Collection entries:
Start of Block
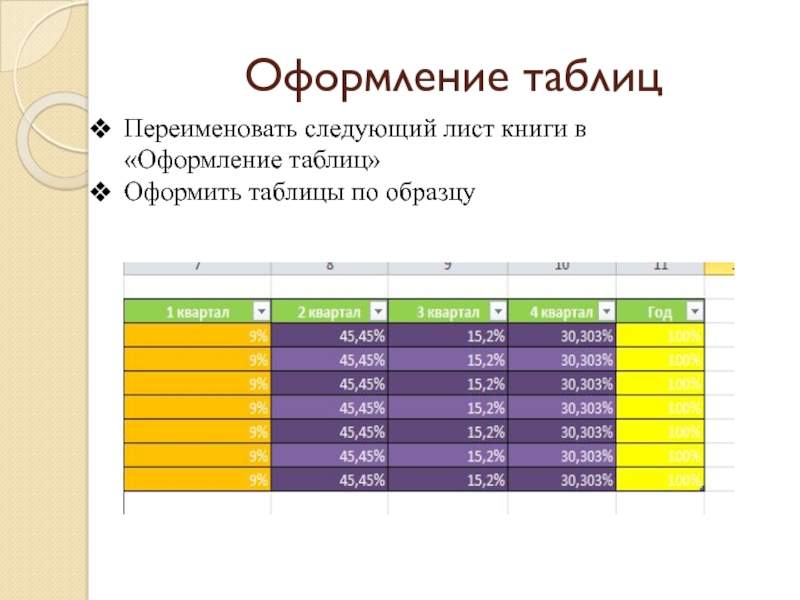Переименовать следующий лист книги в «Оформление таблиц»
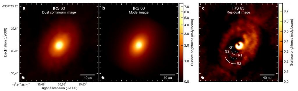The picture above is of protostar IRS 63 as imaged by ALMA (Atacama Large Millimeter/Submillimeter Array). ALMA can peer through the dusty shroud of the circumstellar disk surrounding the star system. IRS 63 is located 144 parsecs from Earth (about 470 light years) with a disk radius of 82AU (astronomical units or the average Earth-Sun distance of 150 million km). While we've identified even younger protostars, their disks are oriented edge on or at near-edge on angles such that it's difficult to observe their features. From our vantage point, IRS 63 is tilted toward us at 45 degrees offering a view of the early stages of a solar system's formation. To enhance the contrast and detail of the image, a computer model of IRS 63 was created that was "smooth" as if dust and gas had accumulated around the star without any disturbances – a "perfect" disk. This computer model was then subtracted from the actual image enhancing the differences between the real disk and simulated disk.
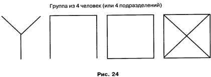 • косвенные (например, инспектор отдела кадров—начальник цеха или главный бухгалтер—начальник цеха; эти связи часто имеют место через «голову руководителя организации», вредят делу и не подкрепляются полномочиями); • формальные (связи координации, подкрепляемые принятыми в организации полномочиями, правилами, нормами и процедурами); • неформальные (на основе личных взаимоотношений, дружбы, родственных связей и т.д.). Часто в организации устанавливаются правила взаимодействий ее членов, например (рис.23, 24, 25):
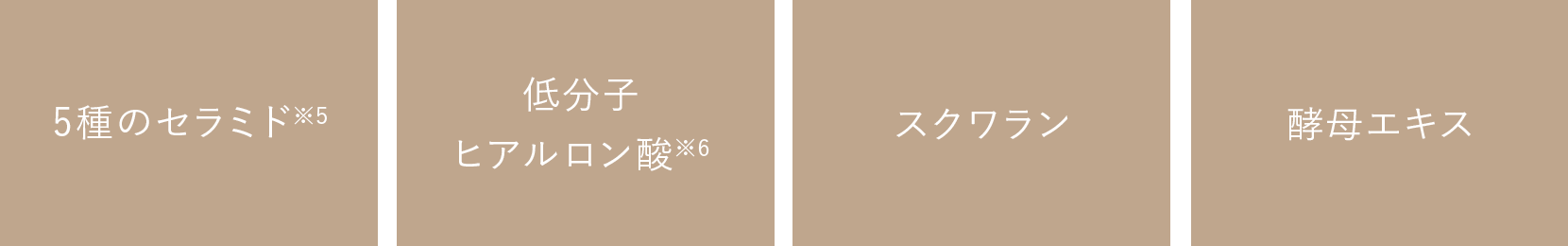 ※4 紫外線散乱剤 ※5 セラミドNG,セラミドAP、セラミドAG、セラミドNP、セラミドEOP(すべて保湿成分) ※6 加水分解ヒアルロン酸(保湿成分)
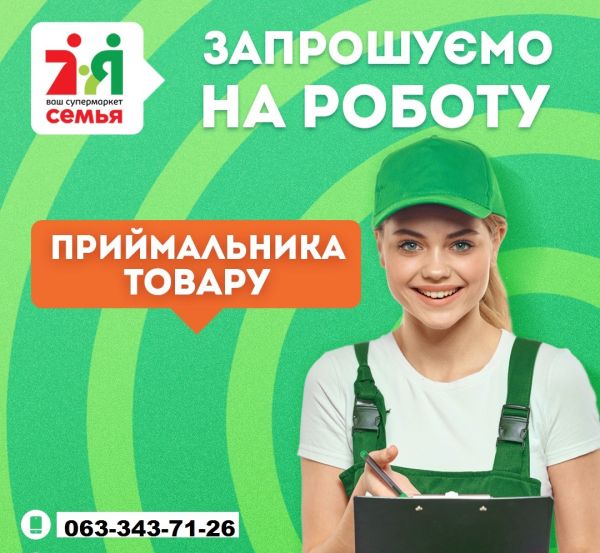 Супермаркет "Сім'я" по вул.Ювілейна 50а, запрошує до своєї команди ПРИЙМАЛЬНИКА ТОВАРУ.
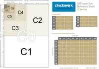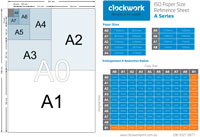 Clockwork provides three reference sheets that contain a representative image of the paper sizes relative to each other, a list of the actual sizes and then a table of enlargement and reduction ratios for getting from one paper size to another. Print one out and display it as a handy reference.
End of Block
(Exercise description)
What is needed is an exact copy of each line from the top of the data above through the line containing "The picture above", with no pictures.

(Exercise answer)
Переименовать следующий лист книги в «Оформление таблиц»
The picture above is of protostar IRS 63 as imaged by ALMA (Atacama Large Millimeter/Submillimeter Array). ALMA can peer through the dusty shroud of the circumstellar disk surrounding the star system. IRS 63 is located 144 parsecs from Earth (about 470 light years) with a disk radius of 82AU (astronomical units or the average Earth-Sun distance of 150 million km). While we've identified even younger protostars, their disks are oriented edge on or at near-edge on angles such that it's difficult to observe their features. From our vantage point, IRS 63 is tilted toward us at 45 degrees offering a view of the early stages of a solar system's formation. To enhance the contrast and detail of the image, a computer model of IRS 63 was created that was "smooth" as if dust and gas had accumulated around the star without any disturbances – a "perfect" disk. This computer model was then subtracted from the actual image enhancing the differences between the real disk and simulated disk.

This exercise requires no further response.